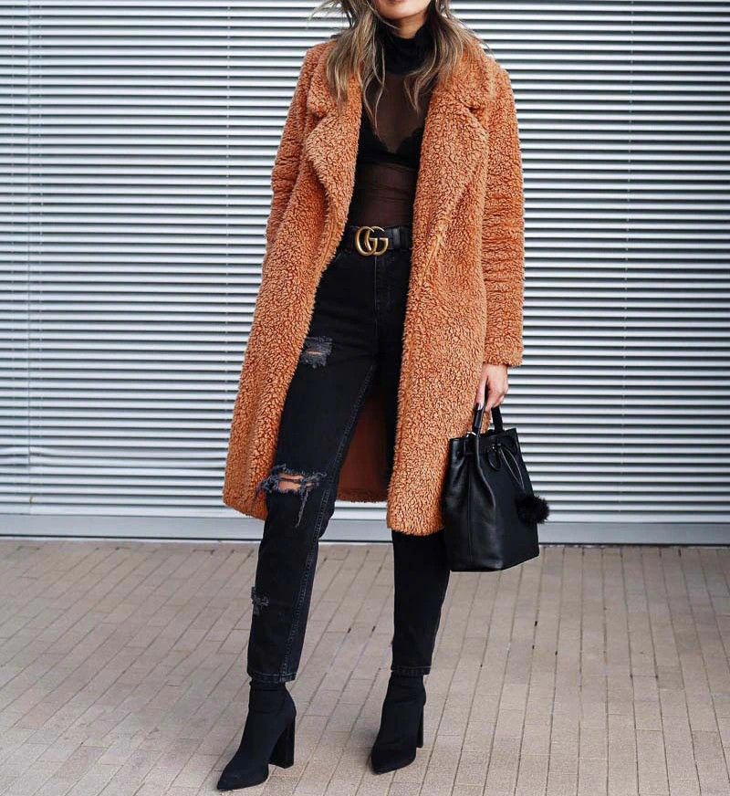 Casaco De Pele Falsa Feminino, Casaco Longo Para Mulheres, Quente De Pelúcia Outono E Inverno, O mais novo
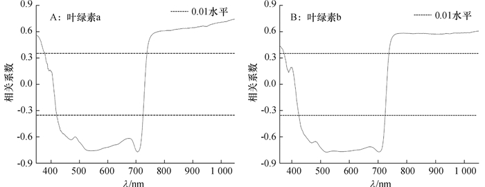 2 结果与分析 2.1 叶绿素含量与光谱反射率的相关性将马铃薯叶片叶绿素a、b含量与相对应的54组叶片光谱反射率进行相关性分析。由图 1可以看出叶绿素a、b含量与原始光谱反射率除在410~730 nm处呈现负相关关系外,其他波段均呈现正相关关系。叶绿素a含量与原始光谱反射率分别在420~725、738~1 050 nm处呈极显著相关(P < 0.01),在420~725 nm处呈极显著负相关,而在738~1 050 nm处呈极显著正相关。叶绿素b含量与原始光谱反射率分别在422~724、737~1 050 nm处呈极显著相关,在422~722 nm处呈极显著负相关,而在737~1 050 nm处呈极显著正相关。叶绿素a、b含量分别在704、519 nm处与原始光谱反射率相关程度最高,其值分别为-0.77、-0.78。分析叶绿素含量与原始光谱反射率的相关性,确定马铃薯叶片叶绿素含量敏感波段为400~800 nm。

────────────────────

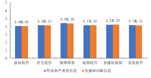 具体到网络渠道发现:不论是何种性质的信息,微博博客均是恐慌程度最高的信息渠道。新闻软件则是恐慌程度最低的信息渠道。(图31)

────────────────────

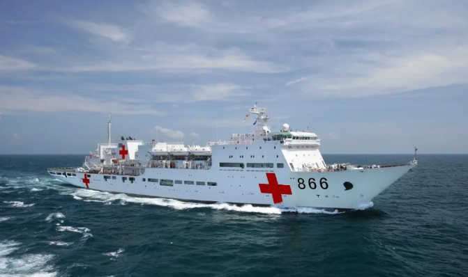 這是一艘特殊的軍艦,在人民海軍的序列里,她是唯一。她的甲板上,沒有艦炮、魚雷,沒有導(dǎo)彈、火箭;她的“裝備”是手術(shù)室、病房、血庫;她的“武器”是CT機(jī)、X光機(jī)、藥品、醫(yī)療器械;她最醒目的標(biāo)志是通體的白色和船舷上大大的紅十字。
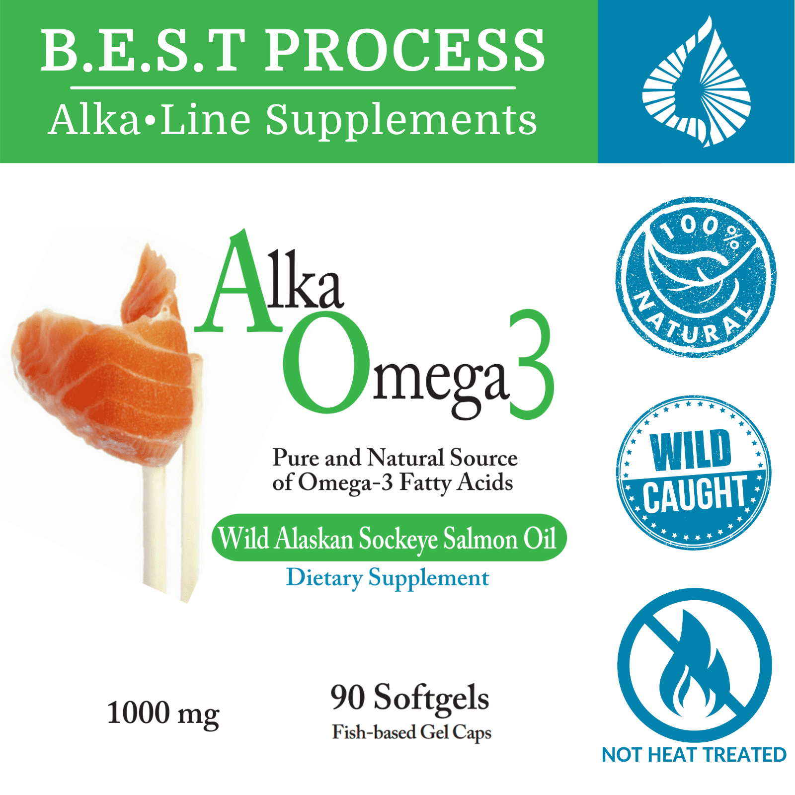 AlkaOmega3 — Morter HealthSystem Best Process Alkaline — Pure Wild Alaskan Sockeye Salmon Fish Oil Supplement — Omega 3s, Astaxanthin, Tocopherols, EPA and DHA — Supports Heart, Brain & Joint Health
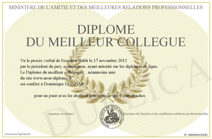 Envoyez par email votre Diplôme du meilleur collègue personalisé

────────────────────

**Task requirements**
In the listing above, find the line containing "這是一艘特殊的軍艦,在人民海" and the line containing "Envoyez par email", then output those two lines and everything between them exactly as written, without the images.

**Answer for the task**
 這是一艘特殊的軍艦,在人民海軍的序列里,她是唯一。她的甲板上,沒有艦炮、魚雷,沒有導(dǎo)彈、火箭;她的“裝備”是手術(shù)室、病房、血庫;她的“武器”是CT機(jī)、X光機(jī)、藥品、醫(yī)療器械;她最醒目的標(biāo)志是通體的白色和船舷上大大的紅十字。
 AlkaOmega3 — Morter HealthSystem Best Process Alkaline — Pure Wild Alaskan Sockeye Salmon Fish Oil Supplement — Omega 3s, Astaxanthin, Tocopherols, EPA and DHA — Supports Heart, Brain & Joint Health
 Envoyez par email votre Diplôme du meilleur collègue personalisé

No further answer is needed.